Fanconi anemia (FA) is a genomic instability syndrome caused by mutations inside a cluster of proteins normally responsible for DNA repair in cells. Mutation or silencing of FA genes is also associated with increased sensitivity to DNA-damaging drugs. Guo and his fellow researchers worked under the premise that inhibiting the FA pathway and combining this with DNA-damaging chemotherapy drugs might be a promising strategy for cancer therapy.

To block the FA repair pathway in leukemic cells, researchers tested the inhibition of a protein called mTOR (mammalian target of rapamycin). The protein plays a critical role in the growth and survival of mammalian cells – although disruptions in the mTOR molecular pathway are linked to tumor growth, chemotherapy resistance, and poor prognoses in malignancies such as leukemia.

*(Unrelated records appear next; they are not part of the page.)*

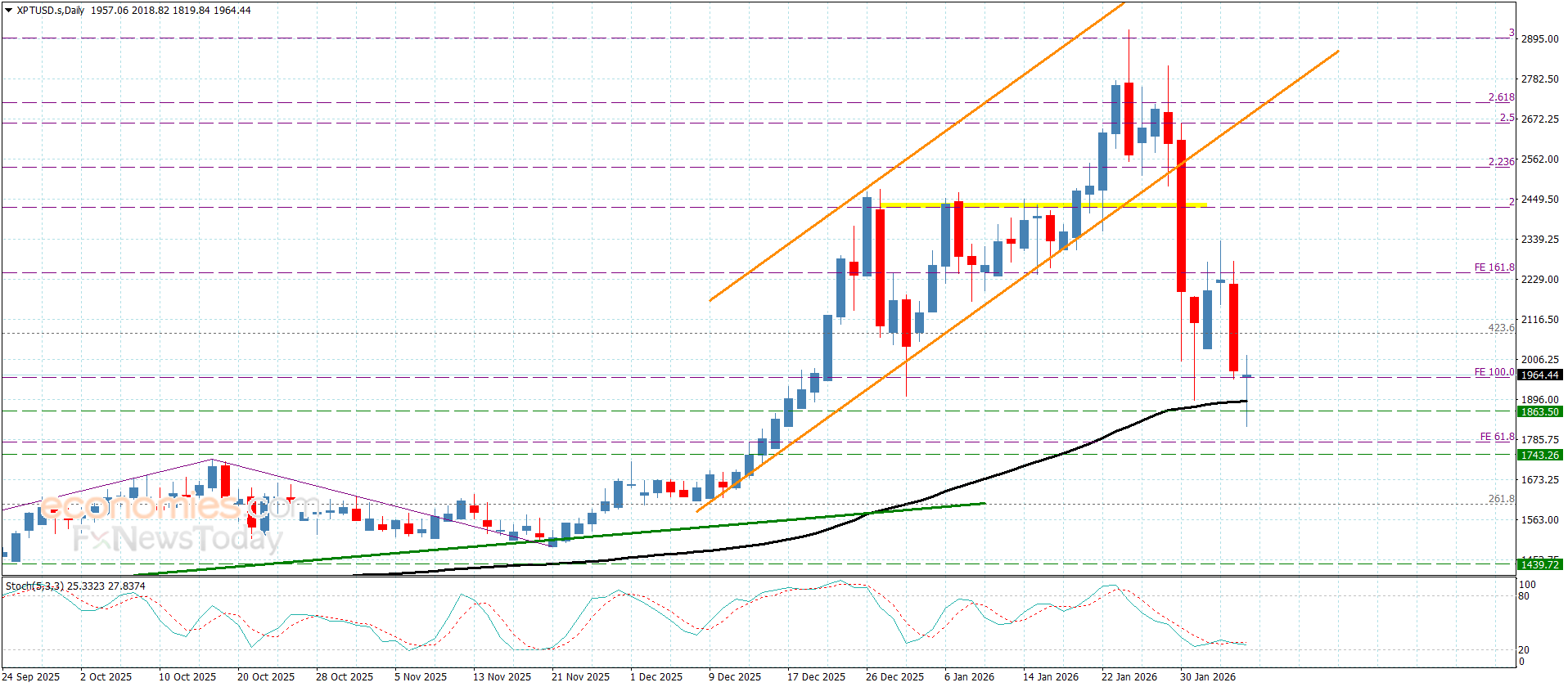 واصل سعر البلاتين تشكيله لموجات تصحيحية هابطة منذ تداولات يوم أمس نتيجة للثبات السلبي المتكرر دون الحاجز الإضافي المستقر عند 2245.00$ لنلاحظ تسلله دون الدعم الأولي المستقر عند 1950.00$ وملامسته خلال تداولات هذا الصباح لمستوى 1820.00$.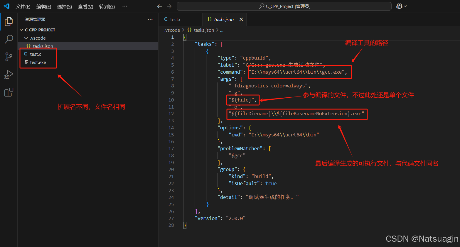 当前的 VS Code 的运行效果还不是很理想,双击打开tasks.json文件修改一下编译运行功能。下图是对该 JSON 文件做了部分解释。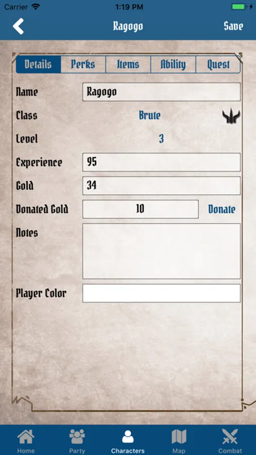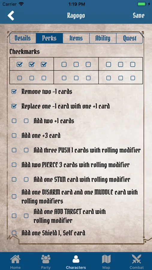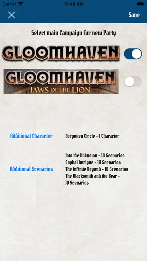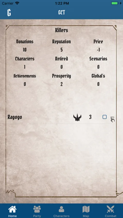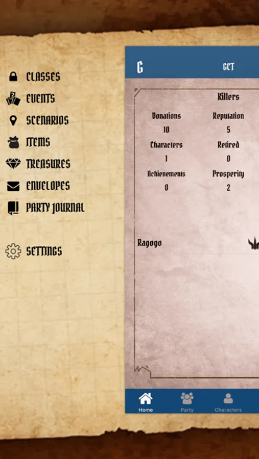 With the GCT, it is possible to keep track of the game progress in the board game. This is particularly useful when you want to play several campaigns in parallel or just manage your own character.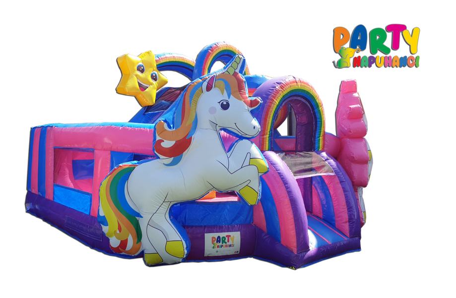 7. PARTY NAPUHANAC UNICORN (Jednorog) - prekrasan napuhanac u duginim bojama, tobogan, prostor za skakanje sa pregradama i stijena za penjanje - 80eur (Cijena za samopreuzimanje)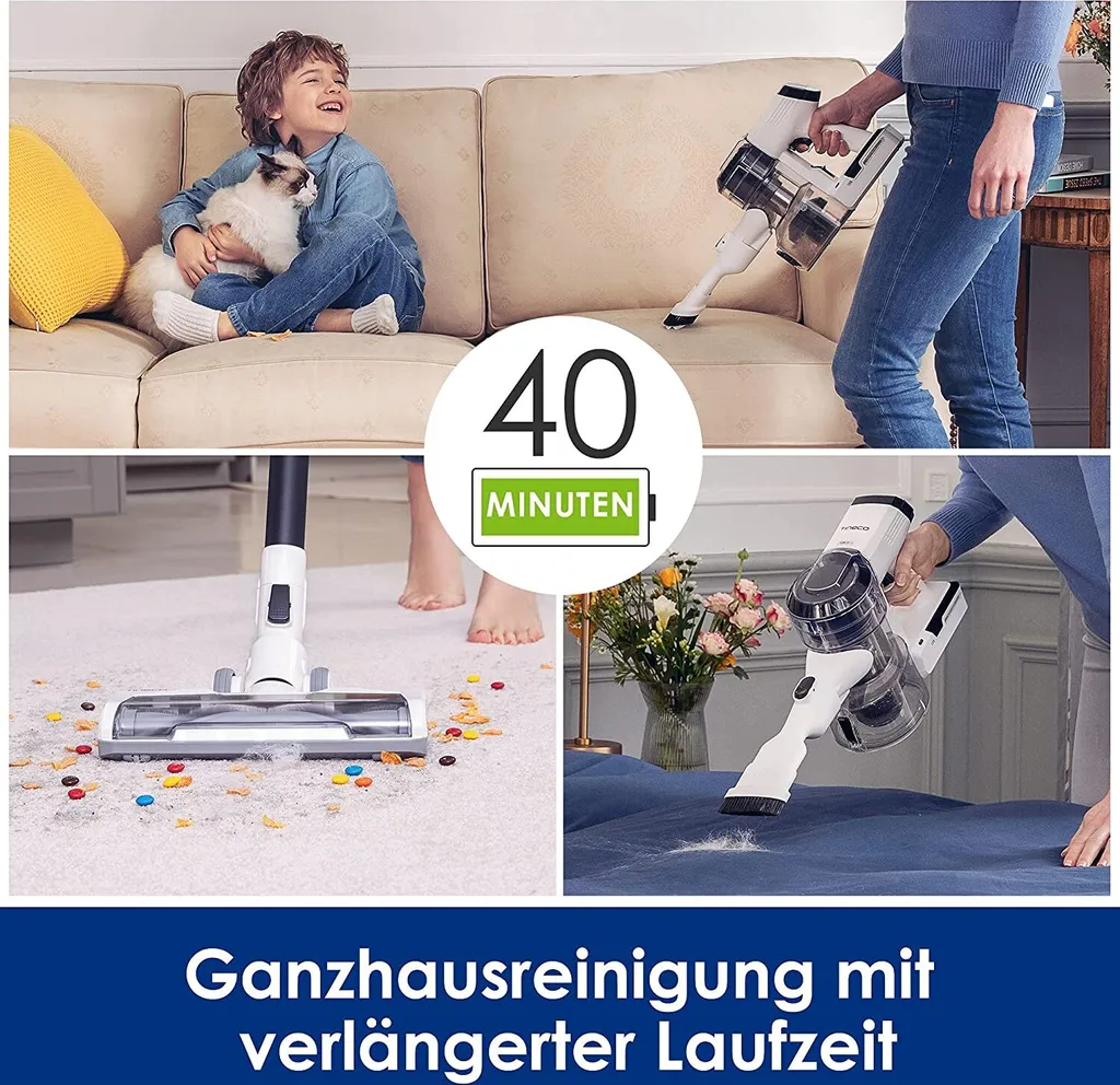 - Lange laufzeit – Der Akku kann bis zu 40 Minuten Betriebszeit liefern und geeignet für große Reinigungsaufgaben. Der größere Akku und die variablen Leistungsmodi ermöglichen eine 60 % längere Laufzeit als bei unserem kabellosen Staubsauger A10 Hero.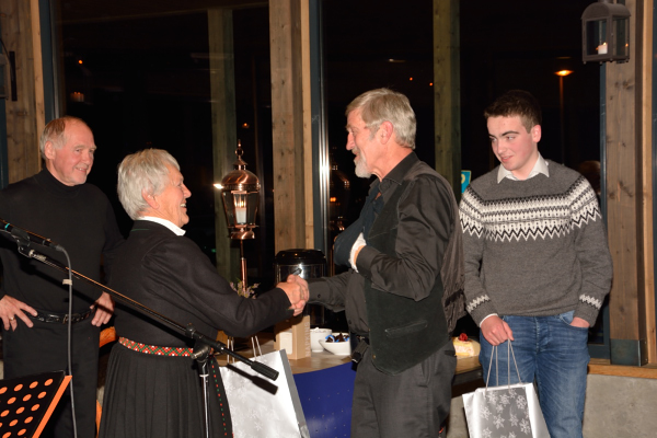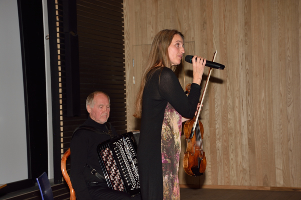 Ser jeg dermed at det kan bli vanskeligere tider for lokalhistorisk arbeid i framtiden? Både ja og nei. Vi har heldigvis enda noen som fortsatt tar et løft for denne gode sak, styremedlemmene og andre tillitsvalgte, som skal ha en stor takk. Så må det igjen rettes en stor takk til de som fra starten så viktigheten av arbeidet for vår lokalhistorie, og selvsagt en takk til dere som er her i kveld og gjør markeringen så fin. Først en eventyrlig forestilling av Susanne Lundeng om tradisjonsmusikk i Vestvågøy/ Lofoten. Så Lofotbesøket av «Petter Dass» framført av Oddvar Kleppa.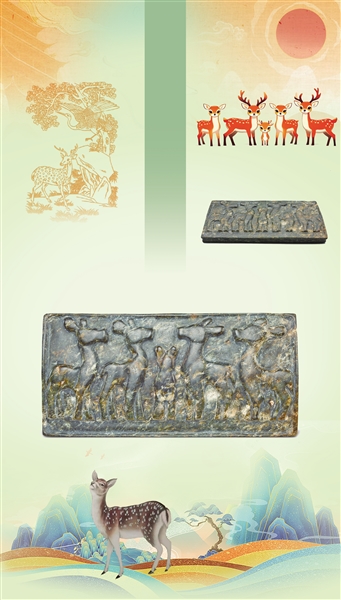 五鹿同春玉牌形状规整典雅。玉牌上高浮雕刻绘着5只鹿,左右各2只,两两相对,守护着中间反立的小鹿,形象生动逼真,仿佛随时会跃出玉牌,奔向密林深处。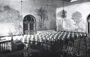 - Salón del mundo: ubicado en el pasillo superior, subiendo por una escalera de 35 escalones, es de forma elíptica y uno de los salones dispuestos de vitrales. Este salón es representativo de la expulsión del jardín del Edén de Adán y Eva. Las paredes cuentan con pinturas más dramáticas que el salón del jardín, con eventos sísmicos, animales en combates, entre otros.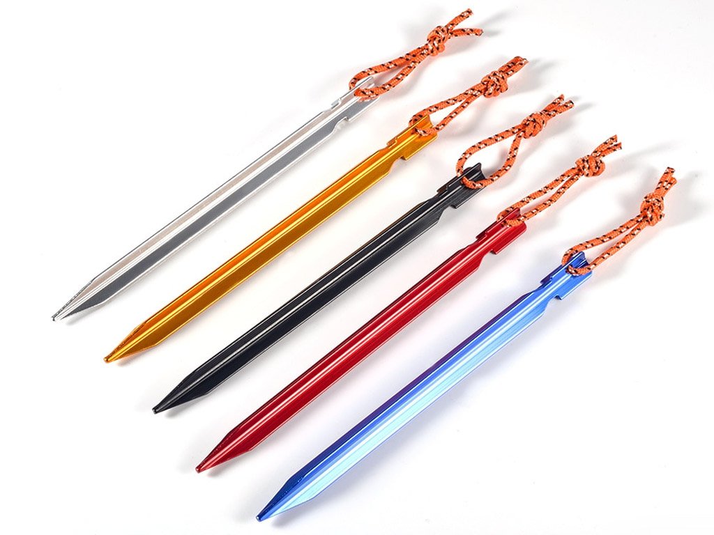 Las estacas ultraligeras de aluminio para tienda destacan por su resistencia, que apreciarás en terrenos más duros, y su peso de solo 13 g/unidad, que valorarás especialmente en largas caminatas.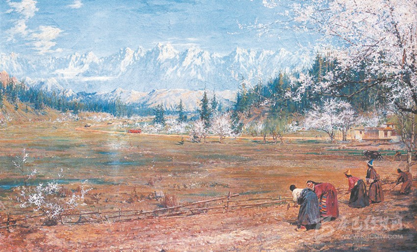 “西藏題材繪畫”主要是指內(nèi)地畫家從外部來關(guān)照西藏、表現(xiàn)西藏的繪畫作品。西藏題材繪畫經(jīng)歷了幾個(gè)不同的歷史時(shí)期:20世紀(jì)40年代,是內(nèi)地畫家初涉藏地采風(fēng),并在作品里反映青藏高原的風(fēng)土人情,讓觀眾去想象西藏民族的生活狀態(tài)。而在50-60年代的西藏題材繪畫作品里,承載的是西藏的社會巨變,以及當(dāng)時(shí)西藏人的時(shí)代風(fēng)貌。從80年代開始的“西藏?zé)帷本劢褂诓厝藢ψ匀坏淖鹬睾途次?,以及對“和諧共存”精神的贊揚(yáng)等等。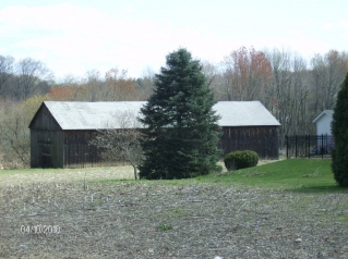This is a 1 1/2-story gable-entry tobacco shed. The ridge-line of the shed runs roughly parallel to Rockville Road, which runs approximately southeast-northwest. The tobacco shed has eleven bents and three aisles. The shed has the standard tobacco shed arrangement; one or two pairs (in this case one pair) of hinged swinging doors in the gable-facades and a ventilation system in the eave-facades. The ventilation system for the shed is vertical siding in which alternate boards are hinged along the sides to open like tall narrow doors. The roof of the barn is asphalt shingles.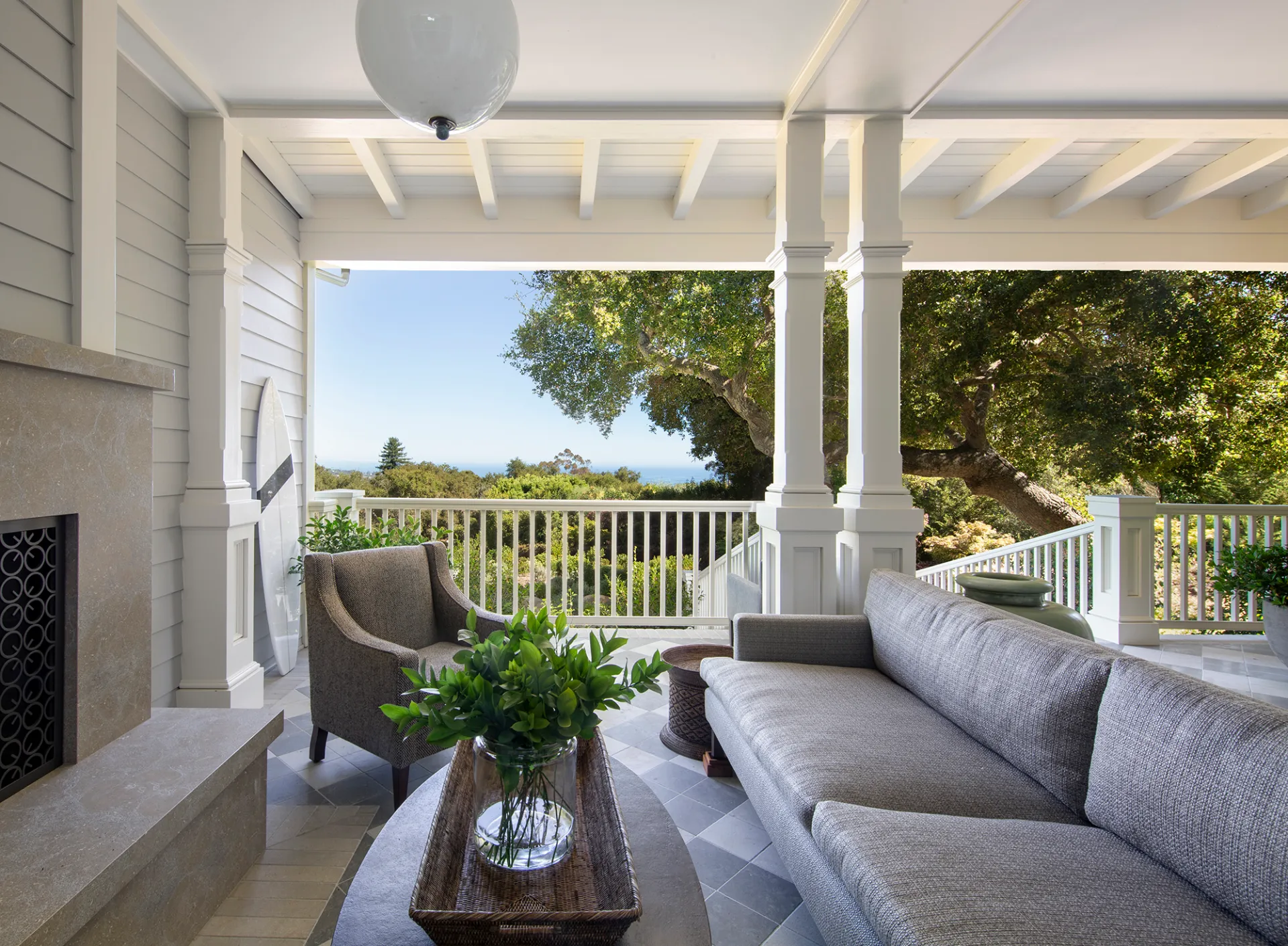 After an extensive facelift, the actress added nearly 3,000 square feet to the posh property — which is listed with Riskin Partners Estate Group and boasts famous neighbors like Prince Harry and Meghan Markle and Gwyneth Paltrow — by enhancing the entryway with a porch that looks out to the Pacific Ocean, while three cozy fireplaces were added to the living room, primary bedroom, and patio.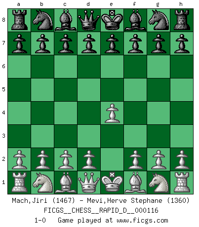 Last move : 1-0 2018 August 6 21:38:9 [Event "FICGS__CHESS__RAPID_D__000116"] [Site "FICGS"] [Date "2018.07.03"] [Round "1"] [White "Mach,Jiri"] [Black "Mevi,Herve Stephane"] [Result "1-0"] [WhiteElo "1467"] [BlackElo "1360"] 1.e4 1-0 This chess game has been lost on time (started : 2018.07.03 4:35:22) King's pawn Opening Player White won this chess game. Follow this game move after move (download)Chess is a beautiful mistress. (Bent Larsen) Wenn Schach ein enormer Dschungel ist, der seine Myriaden von Geheimnissen nicht preisgeben will, dann sind Computer die Kettensägen einer gewaltigen ökologisch unsensiblen Nutzholzfirma. (Nigel Short) Yo nunca en mi vida he jugado la Defensa Francesa, que viene siendo la más aburrida de todas las Aperturas. (Wilhelm Steinitz) Shah mat. Le roi est mort. Cri de fierté d'un joueur venant de terrasser son adversaire, courtoisement, sans effusion de sang. You must do what you feel is right... of course. (Obi-Wan Kenobi in Star Wars ep.4)

Initial testing of mTOR inhibition was achieved by direct deletion of the mTOR gene in mice. The scientists then tested three new mTOR inhibitors currently under development (pp242, AZD8055 and INK128) in combination with the chemotherapies cytarabine, etoposide, and cisplatin to see how they affected laboratory lines of leukemia cells and mouse models of the disease. They compared the effectiveness of the combination treatments with treating the leukemia by just chemotherapy or inhibitors alone. Tests showed that combining mTOR inhibitors with chemotherapy was far more effective at treating leukemia than when the inhibitors or chemotherapy were used as stand-alone treatments.

Although the researchers emphasized that laboratory results involving cell lines and mice do not necessarily translate to human treatment, they say their findings show that new mTOR inhibitors combined with chemotherapy could become a new treatment strategy for T-ALL. They also report that inhibition of the FA pathway coupled with chemotherapy may be useful for treating other types of cancer.